Hanya saja, Kades tetap memaksa dengan alasan, bahwa ia berencana pergi ke Kota Palu untuk membeli obat-obatan, mesin paras rumput dan pakaian olahraga.

Terkait hilangnya uang senilai Rp20 Juta tersebut, Wazna mengaku kurang yakin, bahkan dirinya diminta untuk mengembalikan.

Sehingga, ia meminta Kades untuk menghitung kembali total pembelanjaannya di Kota Palu dan peruntukan lainnya.

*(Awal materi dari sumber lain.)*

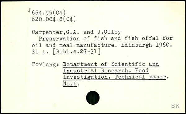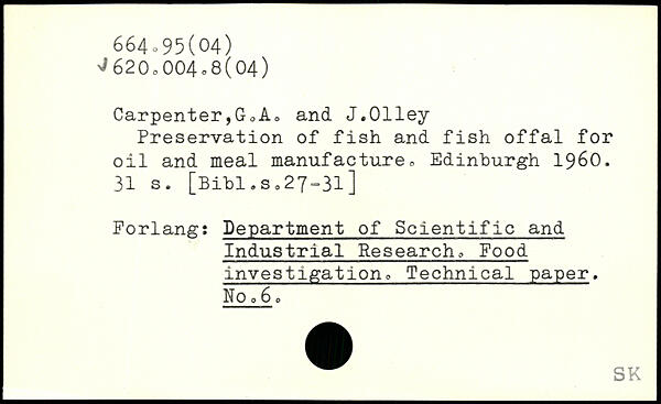 Preservation of fish and fish offal for oil and meal manufacture, Edinburgh 1960.

Hasilnya, pembelian obat-obatan senilai Rp75 Juta, mesin para rumput Rp7 Juta, pembangunan tiga unit pos kamling Rp15 Juta, kostum sepak bola Rp10 Juta, gaji Kades yang sudah diambilnya beserta gaji adiknya mencapai Rp3 Juta serta sisa uang yang dipegang oleh Kades senilai Rp169 Juta. “Jika ditotalkan keseluruhan, uang tersebut lebih dari Rp249 Juta. Anehnya, uang ADD senilai Rp249 Juta tersebut menurut Kades kurang Rp20 Juta dan saya diminta untuk menggantinya. Sebagai bendahara desa, saya difungsikan hanya pada saat melakukan pencairan dana saja. Ketika dana desa cair, buku rekeningpun harus dipegang oleh kades.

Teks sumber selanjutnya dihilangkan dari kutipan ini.